Children’s book with Salem ties helps Unbridled Change Therapeutic Riding Center
Retired special needs teacher and middle school counselor Maria Nichols (thanks to help from niece Hollie C. Young, nephew Michael Craighead and Craighead’s friend, Danielle Reed) can cross ‘write a children’s book’ off her bucket list.
“I’ve always kind of wanted to do a children’s book,” Nichols said.
After having to put down their horse of 25 years, Nichols and her husband were eventually ready to get a new horse, who was previously intended for barrel racing. One problem: “He doesn’t care to run,” Nichols said. Inspired by new horse Houston, Nichols penned the children’s book “Houston, The Barrel Racing Horse…Who Didn’t Like To Run.”
Young helped to co-write the story and came up with the idea of having “the ‘Where’s Waldo?’ style green apple worm that you can find somewhere on each page of Houston’s adventure,” she said. Craighead and Reed illustrated the book.

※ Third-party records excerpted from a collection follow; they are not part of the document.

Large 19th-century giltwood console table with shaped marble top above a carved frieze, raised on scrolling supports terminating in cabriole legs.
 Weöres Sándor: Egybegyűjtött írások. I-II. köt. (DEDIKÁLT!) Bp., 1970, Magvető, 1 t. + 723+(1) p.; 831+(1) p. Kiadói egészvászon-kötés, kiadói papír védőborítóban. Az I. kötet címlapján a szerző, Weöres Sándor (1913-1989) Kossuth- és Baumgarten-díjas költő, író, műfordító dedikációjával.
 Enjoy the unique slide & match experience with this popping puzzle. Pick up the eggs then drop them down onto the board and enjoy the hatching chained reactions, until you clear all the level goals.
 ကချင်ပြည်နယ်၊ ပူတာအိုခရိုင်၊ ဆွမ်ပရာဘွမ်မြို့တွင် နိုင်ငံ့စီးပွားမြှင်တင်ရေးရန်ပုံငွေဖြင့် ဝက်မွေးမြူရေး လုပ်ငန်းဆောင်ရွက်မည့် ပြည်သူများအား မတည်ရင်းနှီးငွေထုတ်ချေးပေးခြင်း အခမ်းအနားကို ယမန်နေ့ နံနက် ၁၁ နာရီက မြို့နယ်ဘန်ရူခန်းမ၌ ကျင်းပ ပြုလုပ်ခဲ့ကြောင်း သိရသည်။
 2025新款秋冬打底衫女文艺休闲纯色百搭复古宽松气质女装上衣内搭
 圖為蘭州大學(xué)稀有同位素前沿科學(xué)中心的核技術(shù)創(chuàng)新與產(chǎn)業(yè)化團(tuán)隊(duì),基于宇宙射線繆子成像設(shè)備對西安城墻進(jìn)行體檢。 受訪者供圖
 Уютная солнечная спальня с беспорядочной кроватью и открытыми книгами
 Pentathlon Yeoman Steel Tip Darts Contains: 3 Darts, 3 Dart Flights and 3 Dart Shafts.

The members of this creative team have some pretty strong ties to the Salem area: Nichols graduated from Andrew Lewis in 1971, when it was still the high school; Young graduated from Salem High School in 2000 and currently lives in Roanoke (her two children–Kylie, 4, and Maggie, 6–acted as the focus group for the book, Nichols said); and Craighead and Reed also graduated from Salem High School and currently go to school at Virginia Tech and Radford, respectively.
Nichols got some advice from another local children’s book author, Carolyn Nelson, who told her, “If you give it time, it will unfold.”
“Last Christmas, we started talking about it,” Nichols said. “It just kind of flowed.”
“The children’s story was really a neat experience to watch unfold,” Young said in an email Saturday. “Maria was truly the driving force behind the book so I was able to come in and help develop and solidify some of the details that you see in the final product…I have always dreamed of publishing a book–although without my aunt’s lead and her ability to really focus and direct the timeline of events that have to take place in order to see a project like this actually come to fruition, I don’t know if I would have been lucky enough to actually see this day come.”
Like all children’s book authors, Nichols and her team hope the book does well. But they have more than fame and glory motivating them.
“Five dollars of each book sold will be donated to Unbridled Change Therapeutic Riding Center,” Nichols said. Unbridled Change, located in Boones Mill, Va., helps to “provide quality mental health therapy, educational learning, character and life skill development, and therapeutic riding utilizing Equine Assisted Activities and Therapies (EAAT),” according to their website.
Michelle Holling-Brooks, owner of Unbridled Change, hosts an annual fundraiser for the organization in October. The 2012 event, however, was canceled; Holling-Brooks, while pregnant with her second child, had a heart attack.
“Houston” was published in October 2012 and has sold almost 400 copies. So far, Nichols has been able to send $540 to Holling-Brooks–which has already helped to cover the cost for a five-year-old child with autism to take therapeutic riding classes.
“Houston, The Barrel Racing Horse…Who Didn’t Like To Run” is available at several locations: Countryside Classics, located at 120 E. Main St. in Salem; Lourine’s Beauty Salon, located at 355 E. 3rd St. in Salem and noteBooks & Black Water Loft, located at 117 S. Locust St. in Floyd, Va.